Tech

Mark Zuckerberg is less than half the average age of his billionaire peers

Key Points
  • Facebook's 2017 stock surge has put CEO Mark Zuckerberg in some much-older company
  • Zuckerberg is now the world's fifth-richest person, in between 86-year-old American Warren Buffett and 77-year-old Carlos Slim Helu of Mexico
  • The Facebook CEO, 33, in the only person in top 10 under age 50 and only member of Top 20 under age 40.
Mark Zuckerberg
Lluis Gene | AFP | Getty Images

Facebook's 2017 stock surge has Mark Zuckerberg keeping some much-older company.

With up nearly 50 percent this year, the company's co-founder and CEO is now the world's fifth-richest person, thanks to a fortune worth roughly $70 billion.

That puts Zuckerberg, 33, between Mexican telecom mogul Carlos Slim Helu, 77, and billionaire U.S. investor Warren Buffett, age 86, according to a list of the world's richest compiled by Forbes.

And those aren't the only senior citizens whom Zuckerberg now calls peers.

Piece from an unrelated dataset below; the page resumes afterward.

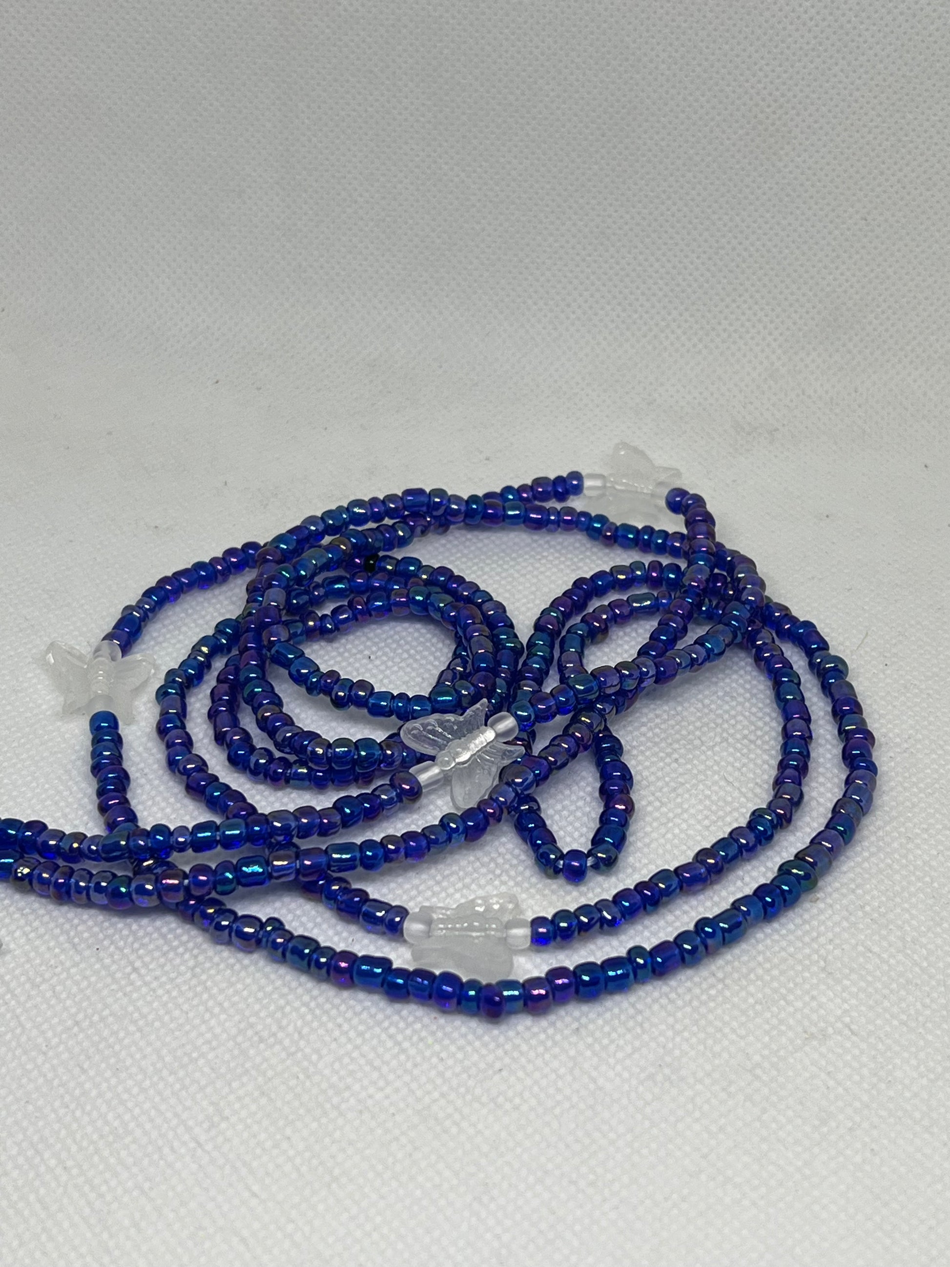 Butterflies glow in the dark. 60 inches long permanent tie on waist beads

The average age of the 10 wealthiest individuals is 72.7 years old, excluding Zuckerberg. Even including him, the average is still 68.7, or more than double his age.

He's the only member of the top 10 list below the age of 50. Amazon CEO Jeff Bezos is next closest at 53.

And among the 20 richest, he's the only member of the list below age 40.

Indeed, among those who have enough hair to judge, Zuckerberg is the only one of the world's 12 richest people not to have a head full of gray (Bezos' bald pate making his current color difficult to ascertain.)

As of March 31, 2017, Zuckerberg owned 410,758,857 Class B Facebook shares, or a whopping 77 percent of the total, according to page 37 of the company's annual proxy filing.

At Monday's closing price of $169.25, those shares — which control most of the company's voting rights, and thus the company — are worth approximately $69.5 billion.

Zuckerberg then owned a much smaller number of Class A shares, now worth roughly $445 million, the filing says. (The company also has a third class of shares, Class C, that have no voting rights.)

Since then he has continued to sell off his holdings at regular intervals. In July, for example, Zuckerberg sold $42.5 million worth of Class A stock via more than a dozen transactions.